With hopes more often dashed than fulfilled, she decided to step off the merry-go-round for a year - or at least to continue with some of it while holding back from a leap between any sheets. She knew this might seem illogical: "it had to do with numbers as well - those tallies we each carry around with us, inscribed in our minds because they don't always belong in our hearts), in the faintest pencil lest anyone see them. Mine is a greater number than I'd like", while "we all know that the double standard lingers on."
And so she dates, sometimes touchingly, sometimes absurdly, and, all dressed up, joins her sister on one "hope-filled Saturday procession" of a singles party while finding time to digress to the psychology of "remedy dating" which, in theory, cancels out the "type" who had proved wrong previously. Along the way come Milton's view of nuns and the mechanics of HBO series (bizarrely, studios hire sexual choreographers for these scenes).
At its heart, halfway through, while discussing online encounters and spirit-sapping e-mails, she wonders who now meets as they did in, say, Woody Allen movies. "One couple I know traded lingering looks, smouldering looks, and finally words... in one of the world's most romantic places, the New York Public Library's 42nd Street branch, but theirs is an increasingly rare story." One could turn to John Wells's London Library history. He observed that "there is, as in most libraries, a heavily charged erotic atmosphere".

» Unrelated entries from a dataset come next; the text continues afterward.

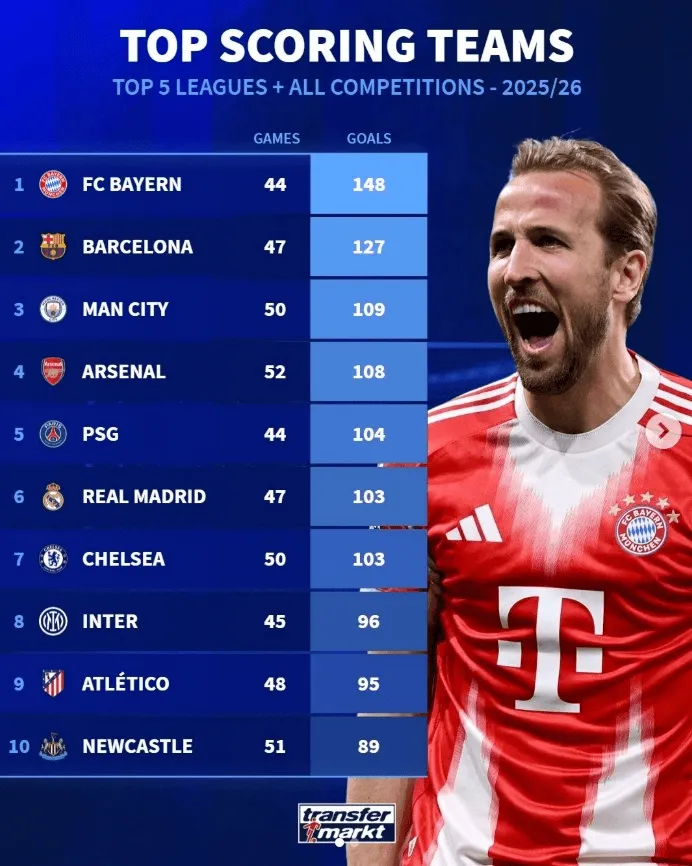 虎扑04月08日讯 德国转会市场统计了本赛季五大联赛在各项赛事取得进球最多的球队,详情如下:
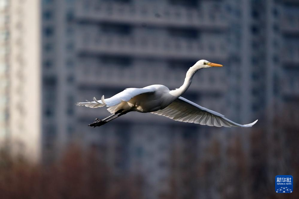 2025年1月1日在太原市汾河拍摄的白鹭。
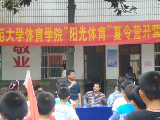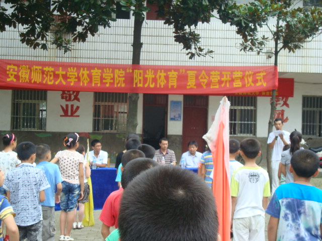 盛夏七月,骄阳胜火。正是“夏木阳阴正可人”的时候。7月11日,英国正版365官方网站赴宣城市泾县“阳光体育”夏令营开营仪式在志诚学校正式启动。泾县教育局陈局长,安师大体院院团委书记黄德春老师及全体实践团团员参加了仪式。
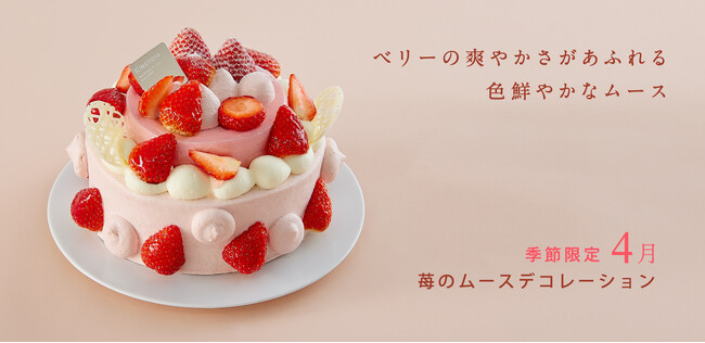 4月は苺の爽やかさがあふれる色鮮やかなムースとたまごのしっとり生地の2段ケーキ「苺のムースデコレーション」。
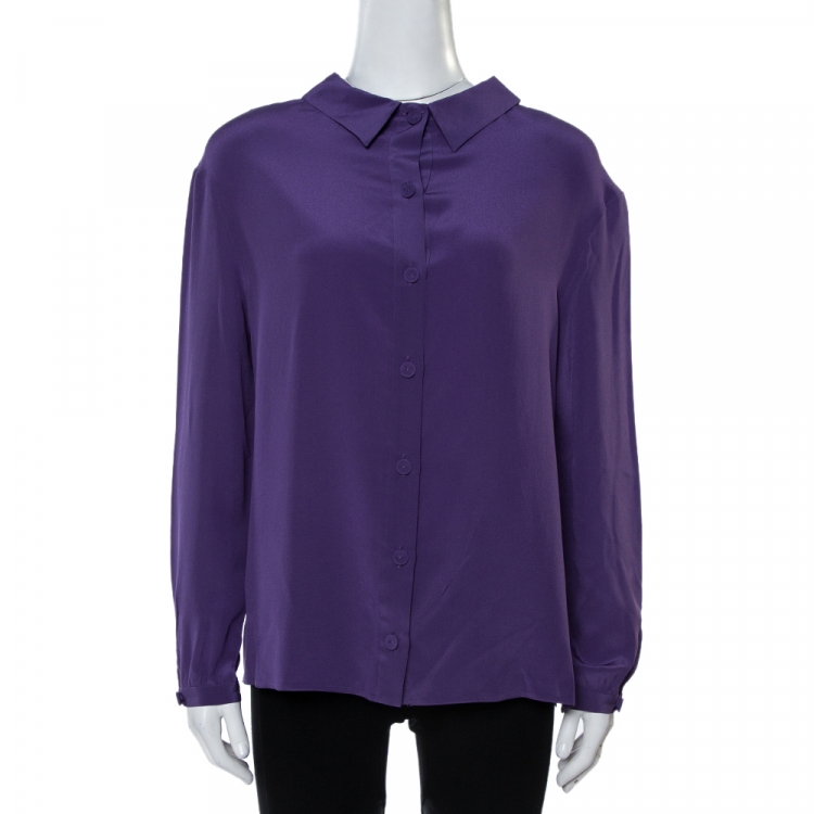 بلوزة برادا حرير بنفسكي أكمام طويلة أزرار خلفية مقاس متوسط - ميديوم

For all the unabashed descriptions of a fling's joy, Chastened continually meditates upon human relationships, those unspoken words, those foolish things as redolent as any lusty yell. As on 42nd Street, silence - telepathy - is truly arousing. Silence can stimulate, something equally true beyond a library, in what Anderson calls "a super-sexualised society that uses orgasms to flog shampoo". Whether reminiscing or discussing Elizabeth Abbott's hefty history of celibacy, Chastened is more than fashionably dinky. One hopes that Anderson will write the novels evidently within her.